Items from a data source
== Segment start ==
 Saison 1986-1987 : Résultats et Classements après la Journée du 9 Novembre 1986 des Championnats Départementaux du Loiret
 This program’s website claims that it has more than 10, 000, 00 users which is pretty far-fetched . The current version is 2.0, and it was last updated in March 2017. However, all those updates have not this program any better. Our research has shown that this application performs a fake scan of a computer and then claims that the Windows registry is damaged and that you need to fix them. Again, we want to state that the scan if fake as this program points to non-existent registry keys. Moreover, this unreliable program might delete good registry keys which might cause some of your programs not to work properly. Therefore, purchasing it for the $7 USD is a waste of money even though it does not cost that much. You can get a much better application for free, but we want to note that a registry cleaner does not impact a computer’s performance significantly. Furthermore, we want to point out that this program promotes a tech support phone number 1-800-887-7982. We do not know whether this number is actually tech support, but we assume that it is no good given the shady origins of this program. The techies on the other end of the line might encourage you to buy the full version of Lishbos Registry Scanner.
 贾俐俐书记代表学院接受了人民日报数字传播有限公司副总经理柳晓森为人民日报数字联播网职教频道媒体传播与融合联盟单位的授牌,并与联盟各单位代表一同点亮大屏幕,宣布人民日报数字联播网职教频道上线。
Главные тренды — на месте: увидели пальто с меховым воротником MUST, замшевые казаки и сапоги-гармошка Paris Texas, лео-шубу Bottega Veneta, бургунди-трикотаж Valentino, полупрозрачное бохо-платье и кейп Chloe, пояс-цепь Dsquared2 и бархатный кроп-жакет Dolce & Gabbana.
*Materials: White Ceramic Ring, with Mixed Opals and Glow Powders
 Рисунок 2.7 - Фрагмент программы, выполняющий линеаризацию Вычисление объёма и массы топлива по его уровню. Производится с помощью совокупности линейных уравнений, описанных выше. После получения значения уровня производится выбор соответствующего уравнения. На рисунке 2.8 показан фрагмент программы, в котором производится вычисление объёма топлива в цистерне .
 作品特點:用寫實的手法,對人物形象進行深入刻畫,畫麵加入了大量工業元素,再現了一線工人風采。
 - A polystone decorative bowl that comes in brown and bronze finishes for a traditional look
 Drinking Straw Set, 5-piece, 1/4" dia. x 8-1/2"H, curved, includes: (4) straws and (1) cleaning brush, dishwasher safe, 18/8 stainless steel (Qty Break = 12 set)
== Segment end ==
### TASK GOAL
Nothing in the records may be altered; restate them word for word.

### TASK RESPONSE
 Saison 1986-1987 : Résultats et Classements après la Journée du 9 Novembre 1986 des Championnats Départementaux du Loiret
 This program’s website claims that it has more than 10, 000, 00 users which is pretty far-fetched . The current version is 2.0, and it was last updated in March 2017. However, all those updates have not this program any better. Our research has shown that this application performs a fake scan of a computer and then claims that the Windows registry is damaged and that you need to fix them. Again, we want to state that the scan if fake as this program points to non-existent registry keys. Moreover, this unreliable program might delete good registry keys which might cause some of your programs not to work properly. Therefore, purchasing it for the $7 USD is a waste of money even though it does not cost that much. You can get a much better application for free, but we want to note that a registry cleaner does not impact a computer’s performance significantly. Furthermore, we want to point out that this program promotes a tech support phone number 1-800-887-7982. We do not know whether this number is actually tech support, but we assume that it is no good given the shady origins of this program. The techies on the other end of the line might encourage you to buy the full version of Lishbos Registry Scanner.
 贾俐俐书记代表学院接受了人民日报数字传播有限公司副总经理柳晓森为人民日报数字联播网职教频道媒体传播与融合联盟单位的授牌,并与联盟各单位代表一同点亮大屏幕,宣布人民日报数字联播网职教频道上线。
Главные тренды — на месте: увидели пальто с меховым воротником MUST, замшевые казаки и сапоги-гармошка Paris Texas, лео-шубу Bottega Veneta, бургунди-трикотаж Valentino, полупрозрачное бохо-платье и кейп Chloe, пояс-цепь Dsquared2 и бархатный кроп-жакет Dolce & Gabbana.
*Materials: White Ceramic Ring, with Mixed Opals and Glow Powders
 Рисунок 2.7 - Фрагмент программы, выполняющий линеаризацию Вычисление объёма и массы топлива по его уровню. Производится с помощью совокупности линейных уравнений, описанных выше. После получения значения уровня производится выбор соответствующего уравнения. На рисунке 2.8 показан фрагмент программы, в котором производится вычисление объёма топлива в цистерне .
 作品特點:用寫實的手法,對人物形象進行深入刻畫,畫麵加入了大量工業元素,再現了一線工人風采。
 - A polystone decorative bowl that comes in brown and bronze finishes for a traditional look
 Drinking Straw Set, 5-piece, 1/4" dia. x 8-1/2"H, curved, includes: (4) straws and (1) cleaning brush, dishwasher safe, 18/8 stainless steel (Qty Break = 12 set)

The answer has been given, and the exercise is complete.